Output every line below exactly, please, omitting pictures.

Dataset content:
[Start of section]
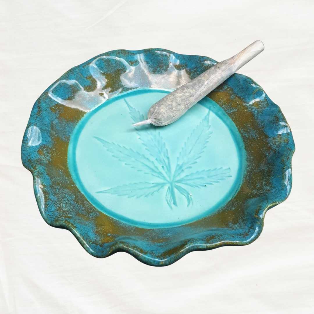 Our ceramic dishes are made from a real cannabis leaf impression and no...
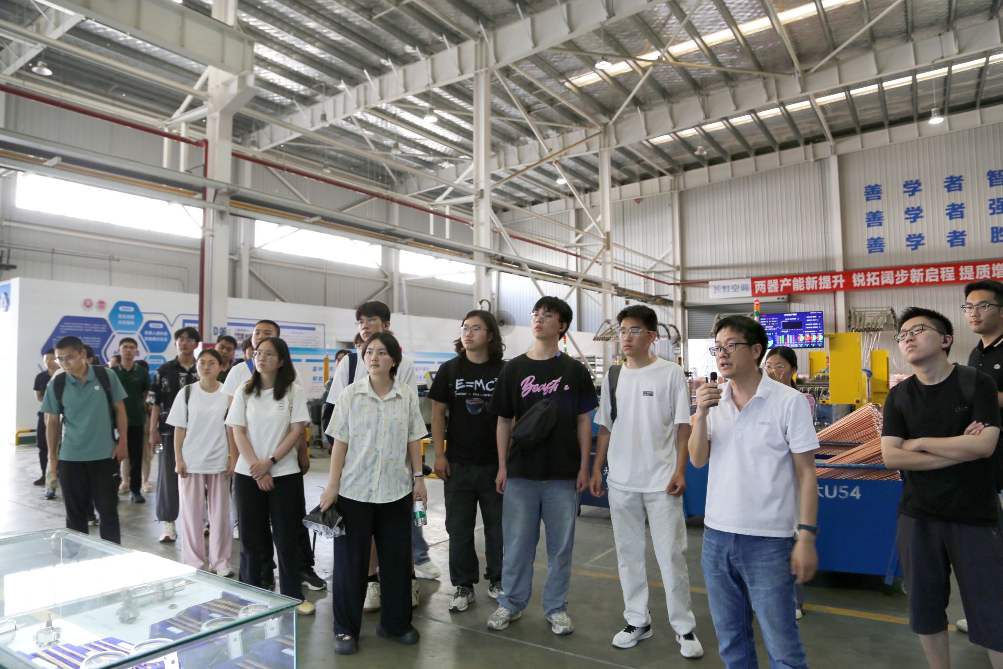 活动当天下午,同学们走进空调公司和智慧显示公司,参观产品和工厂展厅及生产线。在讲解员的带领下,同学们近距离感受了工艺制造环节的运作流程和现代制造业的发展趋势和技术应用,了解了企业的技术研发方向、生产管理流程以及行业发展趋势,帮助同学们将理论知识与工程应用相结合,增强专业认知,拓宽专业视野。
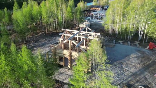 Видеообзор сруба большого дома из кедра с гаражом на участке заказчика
[End of section]
Final answer:
 Our ceramic dishes are made from a real cannabis leaf impression and no...
 活动当天下午,同学们走进空调公司和智慧显示公司,参观产品和工厂展厅及生产线。在讲解员的带领下,同学们近距离感受了工艺制造环节的运作流程和现代制造业的发展趋势和技术应用,了解了企业的技术研发方向、生产管理流程以及行业发展趋势,帮助同学们将理论知识与工程应用相结合,增强专业认知,拓宽专业视野。
 Видеообзор сруба большого дома из кедра с гаражом на участке заказчика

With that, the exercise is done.